What needs to be done.
What you return should match the listing exactly, minus its images.

Dataset content.
= Beginning of Section =
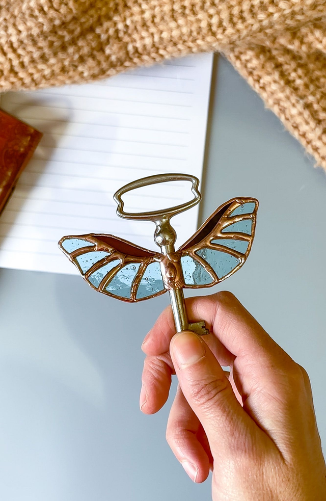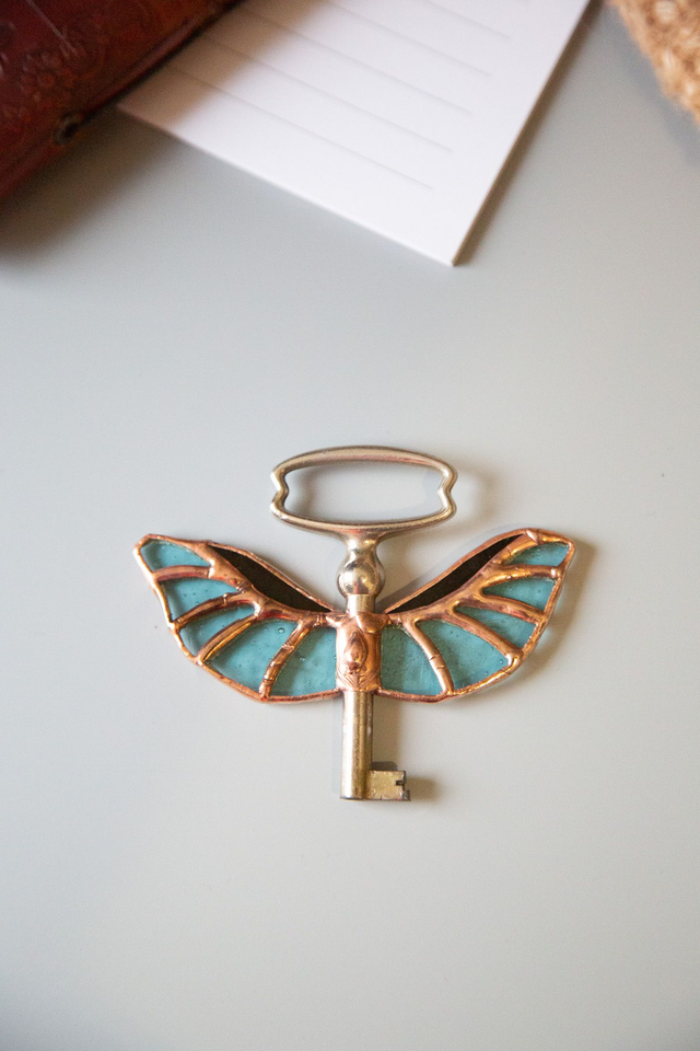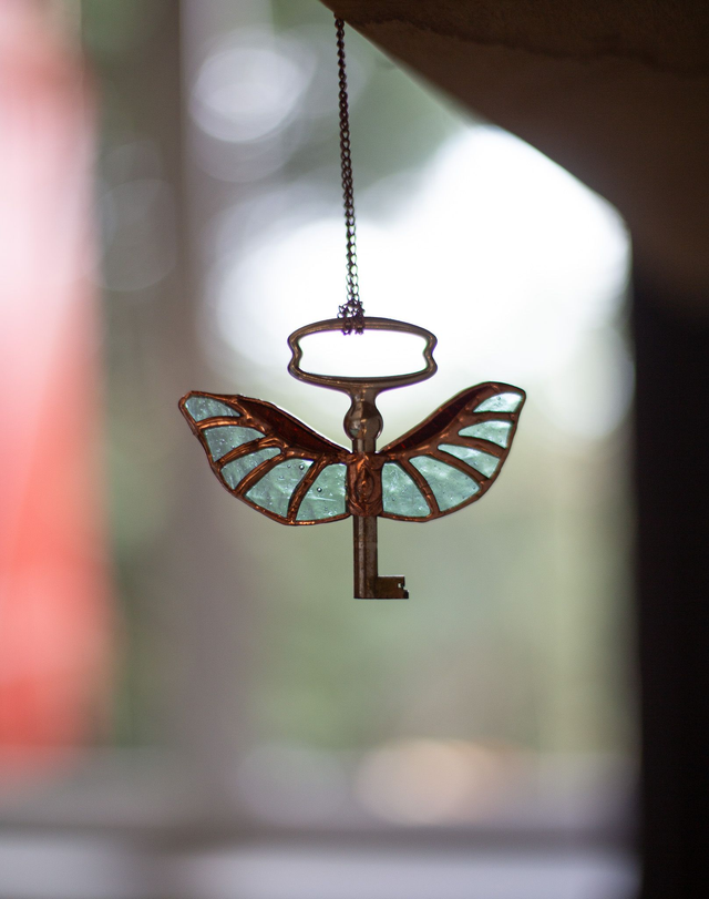 - Matériaux : verres teintés, cuivre, soudure étain, ancienne clé
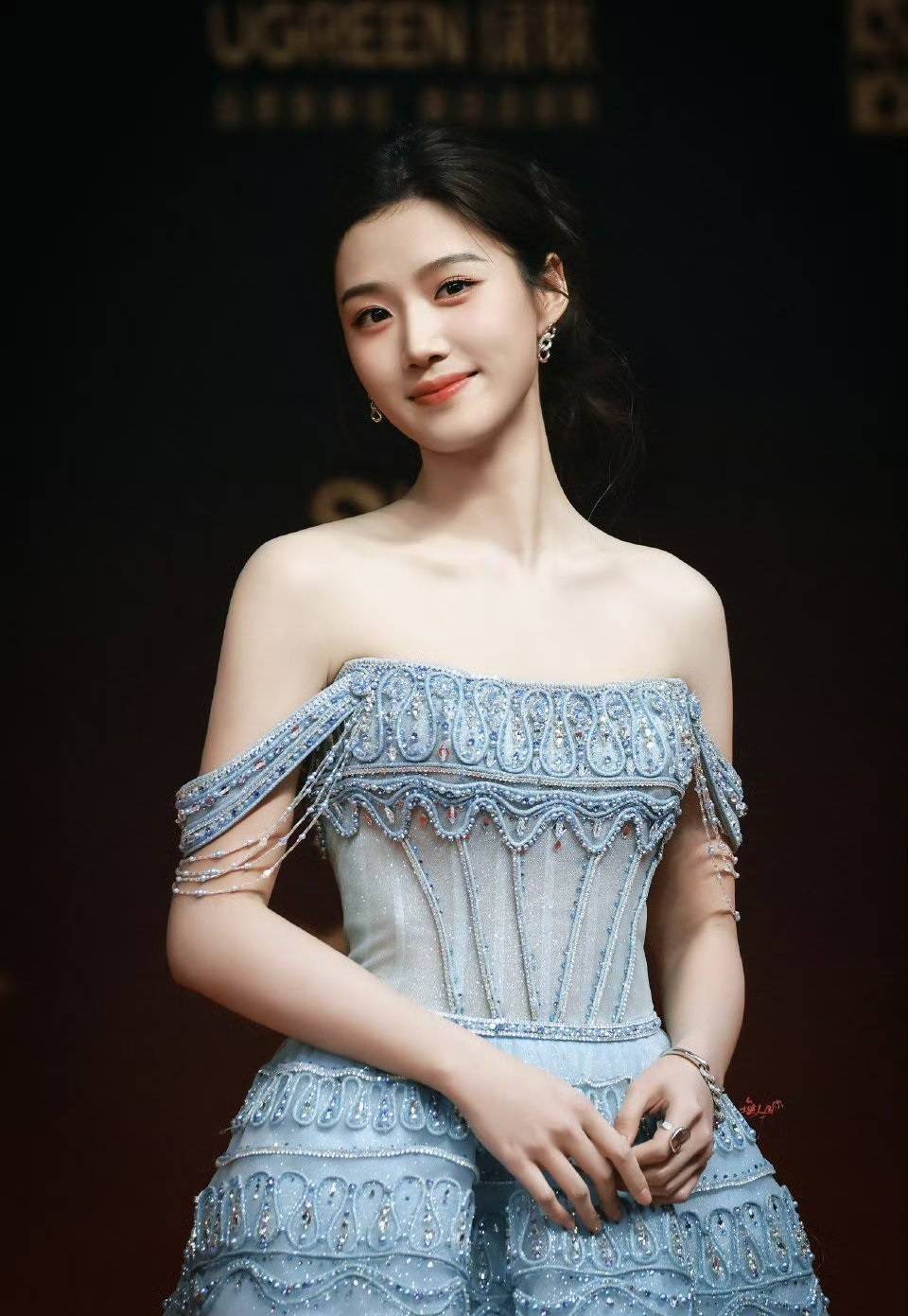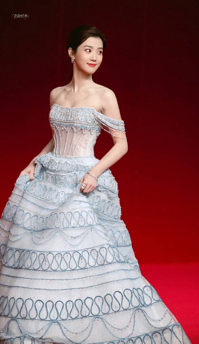 工作室发布的精修图中,卢昱晓身着浅蓝抹胸纱裙,披肩长发搭配宝蓝色珠宝,被赞"冰雪公主"。但红毯现场改为卢昱晓贴头皮盘发,未佩戴项链且耳饰突兀,视觉重心失衡暴露脸型缺陷,被批"浪费艺人肩颈优势"。
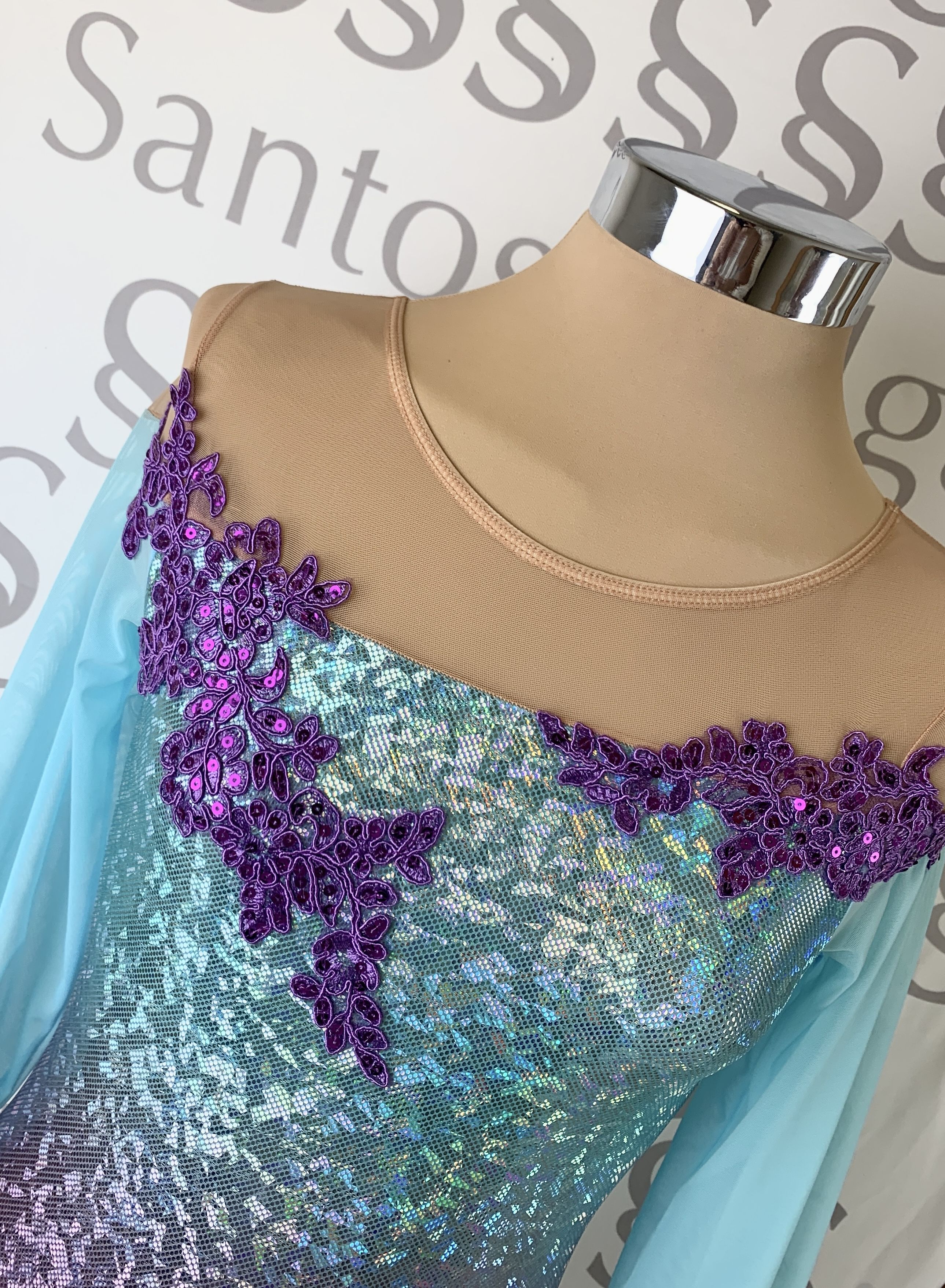 Body en tejido de holograma degradado, de morado a azul clarito, con escote bañera con gasa color carne en hombros. Mangas 3/4 en gasa abullonadas.
= End of Section =
Written response.
 - Matériaux : verres teintés, cuivre, soudure étain, ancienne clé
 工作室发布的精修图中,卢昱晓身着浅蓝抹胸纱裙,披肩长发搭配宝蓝色珠宝,被赞"冰雪公主"。但红毯现场改为卢昱晓贴头皮盘发,未佩戴项链且耳饰突兀,视觉重心失衡暴露脸型缺陷,被批"浪费艺人肩颈优势"。
 Body en tejido de holograma degradado, de morado a azul clarito, con escote bañera con gasa color carne en hombros. Mangas 3/4 en gasa abullonadas.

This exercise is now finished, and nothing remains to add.